Аннапална сообщает нам, что в школе на физкультуре их сегодня учили плавать троллем…
В купе поезда за час до прибытия расчесываю Аньку, как обычно, под вопли.
– Пока стоишь, – говорю ей, – чем орать и мне мешать, лучше заправь майку в колготки.
– Я, возможно, не смогу этого сделать, – сварливо отвечает из-под волосьев Аннапална. – Мне очень неудобно, потому что волосы заправляются тоже.
Я начинаю смеяться.
– Отлично, – говорю. – Давай так сделаем: выпустим тебя в коридор, и пусть люди гадают – у тебя волосы из головы в попу растут или из попы в голову?
Аннапална тоже хихикает и потом задумчиво добавляет:
– Или они вообще могут подумать, что это мозги.
И правда.
Сложный день.
Аннапалну я получила из школы в смутном настроении.

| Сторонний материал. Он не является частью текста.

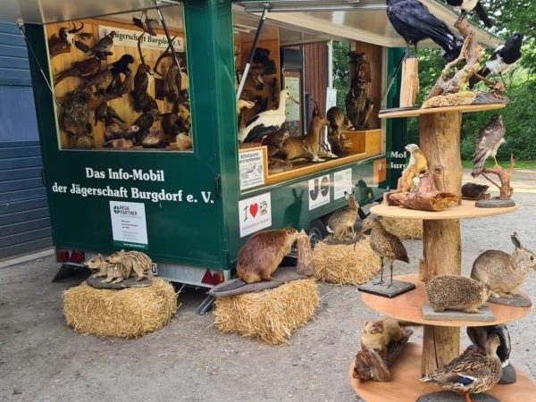 Mit dabei, das Infomobil der Jägerschaft Burgdorf und ein Team von Jägern, die Fragen gerne beantworteten. Die meisten der bei uns vorkommenden Wildtiere können hier bestaunt und auch angefasst werden. Zum Beispiel das „Kleine Mauswiesel“ als kleinster Vertreter des bei uns vorkommenden Raubwildes. Von Marderhund und Nutria hatten einige Teilnehmer noch nichts gehört. Hier gabs viel Hintergrundwissen, auch zu den letztgenannten eingewanderten Neozoen und warum sie bejagt werden. Raubvögel aus nächster Nähe. Wie kann man Habicht und Sperber unterscheiden? Fragt die Ferienkinder, die wissen das jetzt. Vom kleinsten Falken (Merlin) bis zum größten in Deutschland vorkommenden Wanderfalken präsentiert das Infomobil heimisches Wild im Fell oder Federkleid. Gehörne, Geweihe sowie Decken und Schwarten konnten untersucht und erkannt werden.
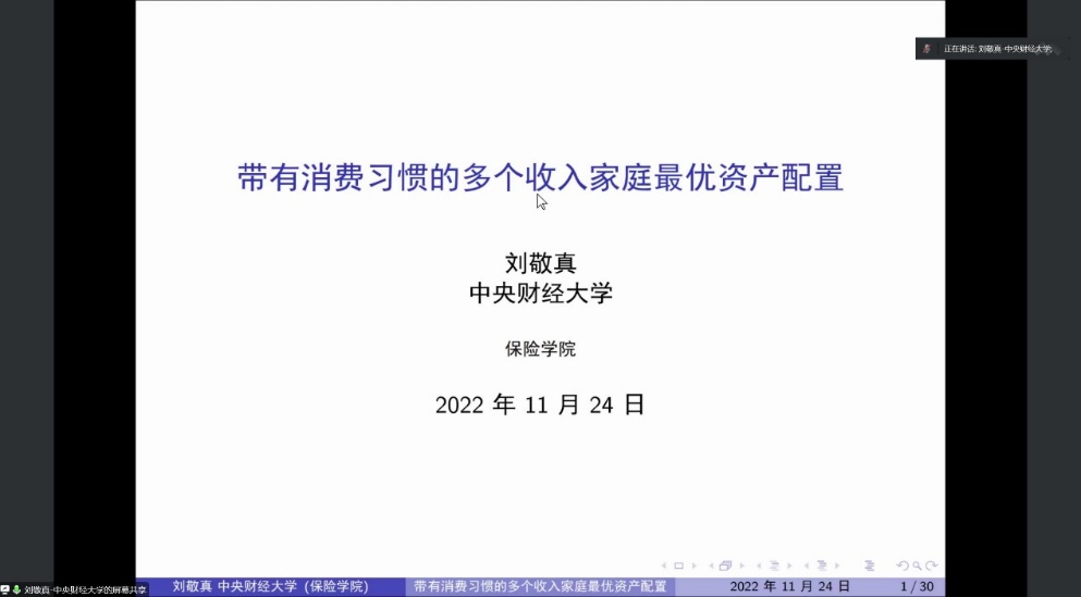 会议的第二阶段是刘敬真教授以“带有消费习惯的多个工资收入家庭最优资产配置”为主题进行专题报告。

– Я, – говорит мне Аннапална, – сегодня опять плакала очень.
– Что случилось?
– Ну, наша учительница по продленке нам рассказывала про войну и Ленинград. И я вспомнила, как ты мне рассказывала про блокаду Ленинграда, как там люди от голода съели всех кошек и собак, и стала плакать.

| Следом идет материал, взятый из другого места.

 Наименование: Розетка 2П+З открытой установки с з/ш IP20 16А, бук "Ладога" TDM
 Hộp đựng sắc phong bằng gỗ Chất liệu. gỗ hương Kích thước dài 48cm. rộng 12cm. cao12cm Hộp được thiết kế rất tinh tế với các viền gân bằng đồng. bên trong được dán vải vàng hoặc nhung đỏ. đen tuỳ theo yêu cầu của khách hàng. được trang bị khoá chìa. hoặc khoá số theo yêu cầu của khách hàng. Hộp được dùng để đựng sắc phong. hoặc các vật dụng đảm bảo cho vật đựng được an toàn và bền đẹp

А я, и правда, этот факт упомянула когда-то, вскользь и особо не задумываясь, но немедленно пожала внезапные обильные и бурные плоды. Ребенок был потрясен до глубины души и рыдал до икоты. Ну вот опять, стало быть, вспомнилось. Новая волна.
– Я бы… – всхлипывает, икает и кричит на всю улицу так, что прохожие подпрыгивают: – Я бы лучше сама умерла, чем свою кошку съела!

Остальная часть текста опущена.